From the line containing "- Innerst står" down to the last line of the material, output each line exactly as it appears, excluding pictures.

* Recorded data:
=====

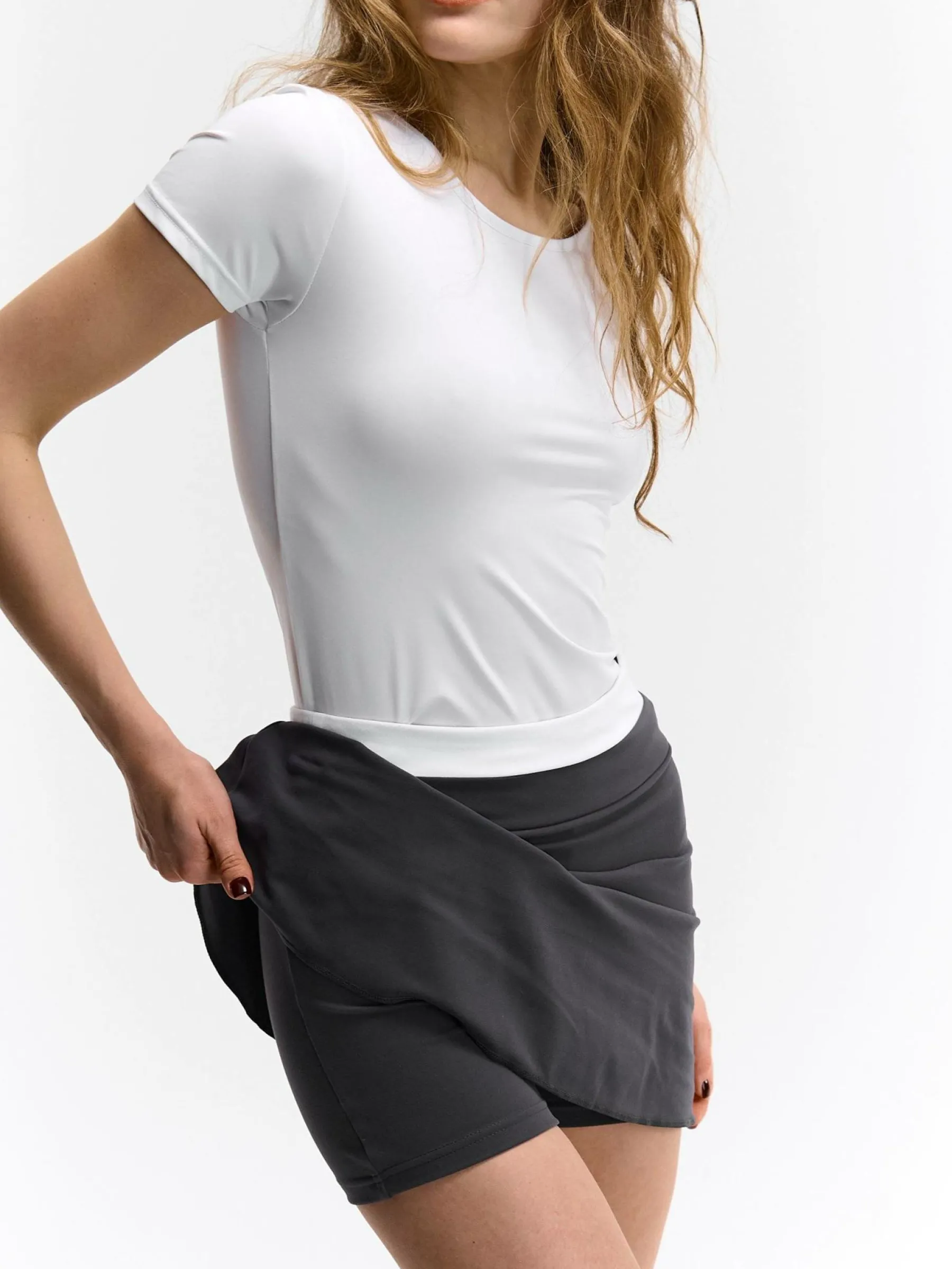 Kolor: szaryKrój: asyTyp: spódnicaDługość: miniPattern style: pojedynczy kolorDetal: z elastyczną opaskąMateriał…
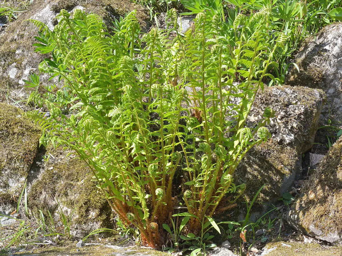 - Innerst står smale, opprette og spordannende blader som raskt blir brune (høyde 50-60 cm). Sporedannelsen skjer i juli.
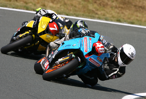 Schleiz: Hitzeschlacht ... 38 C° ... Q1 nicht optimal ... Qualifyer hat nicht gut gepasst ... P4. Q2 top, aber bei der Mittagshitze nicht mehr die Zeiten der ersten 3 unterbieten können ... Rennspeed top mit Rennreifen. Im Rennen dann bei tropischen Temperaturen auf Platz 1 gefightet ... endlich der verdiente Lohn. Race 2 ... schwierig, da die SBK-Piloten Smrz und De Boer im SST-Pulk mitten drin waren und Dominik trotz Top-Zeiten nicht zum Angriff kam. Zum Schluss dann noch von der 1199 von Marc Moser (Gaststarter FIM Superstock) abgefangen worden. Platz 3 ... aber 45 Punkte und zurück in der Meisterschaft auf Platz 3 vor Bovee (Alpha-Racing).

=====

* Answer for the task:
 - Innerst står smale, opprette og spordannende blader som raskt blir brune (høyde 50-60 cm). Sporedannelsen skjer i juli.
 Schleiz: Hitzeschlacht ... 38 C° ... Q1 nicht optimal ... Qualifyer hat nicht gut gepasst ... P4. Q2 top, aber bei der Mittagshitze nicht mehr die Zeiten der ersten 3 unterbieten können ... Rennspeed top mit Rennreifen. Im Rennen dann bei tropischen Temperaturen auf Platz 1 gefightet ... endlich der verdiente Lohn. Race 2 ... schwierig, da die SBK-Piloten Smrz und De Boer im SST-Pulk mitten drin waren und Dominik trotz Top-Zeiten nicht zum Angriff kam. Zum Schluss dann noch von der 1199 von Marc Moser (Gaststarter FIM Superstock) abgefangen worden. Platz 3 ... aber 45 Punkte und zurück in der Meisterschaft auf Platz 3 vor Bovee (Alpha-Racing).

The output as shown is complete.